Part of what makes this an issue is the difference between what the reader knows from the 2013 sections and what the reader learns from the 1978 sections of the book. In the first book, the split timelines worked really well because it allowed the reader to see something in action and then learn about it or vice versa. The parallels aren’t nearly as clean in The Empty Ones, so we get a lot of new information in the past that doesn’t really seem to inform the present or the previous book. It can feel  awkward even when it does land right, making scenes feel off kilter and characters feel not like themselves.

That’s a big part of what I meant when I said it’s solid in its own right but only a decent follow up. On its own, The Empty Ones has a lot of the same energy and punch as The Unnoticeables. The characters are still easy to care about. The monsters are still that extra spark of creepy. Even the new things that don’t totally work in context of the previous book are really cool if taken as part of a standalone novel. Reading it as a sequel though leads to comparisons and little rough spots throughout. The wonderful bittersweet ending to The Unnoticeables is suddenly fractured because we don’t have to wonder how Carey got from there to being nearly alone. Sammy Six’s story matters a whole lot less now because of new details. What’s lost is a lot of character stuff, and not necessarily little stuff at that.

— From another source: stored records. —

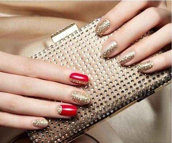 Есть множество популярных цветов, которые девушки используют для покрытия ногтей. Например, красный маникюр с использованием страз.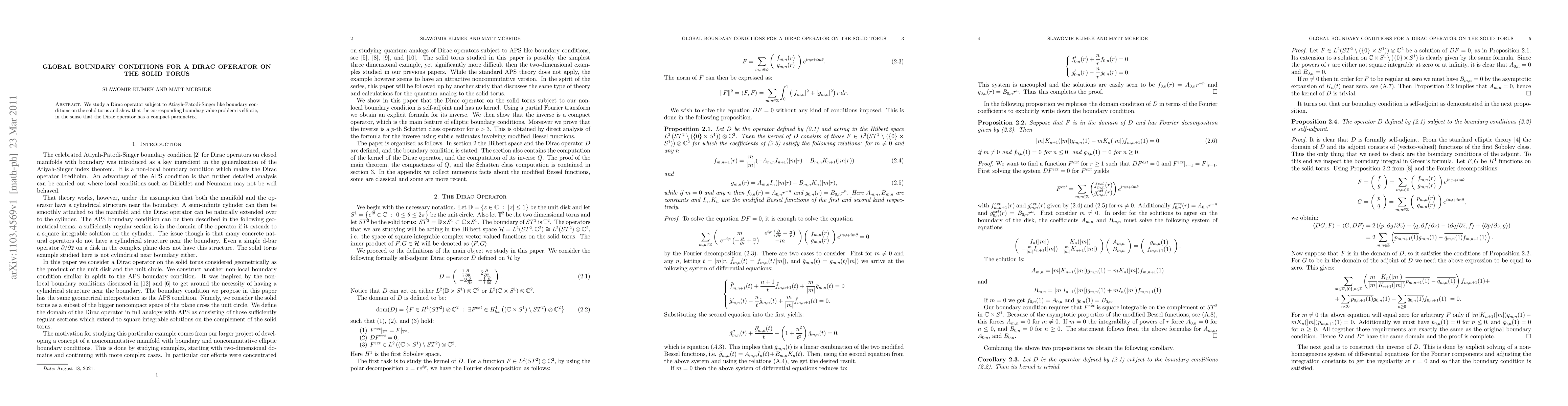 Summary: The paper investigates a Dirac operator on the solid torus with Atiyah-Patodi-Singer boundary conditions, proving the ellipticity of the boundary value problem through the existence of a compact parametrix.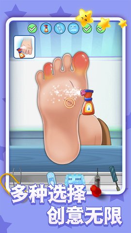 2、玩家需要使用不同的工具对其脚进行修整,并在规定内完成任务。

On its own this is a really fun book. The antagonists are far stronger than the heroes, so the heroes have to be clever or just runaway. The characters feel very human or that perfect degree of just slightly wrong. The tone is by and large spot on. Emotive scenes hit the right chords, generally at the right times. And ultimately, while I like it better on its own than as a sequel, it makes me want to keep reading. I want to see where everything goes.

So, where does this leave The Empty Ones? As a standalone book it would be nearly a five out of five. The issue is that it follows a book that I would more than happily give a five to and, while it does well on its own, it doesn’t stack up to the book it follows. So that earns The Empty Ones a four out of five.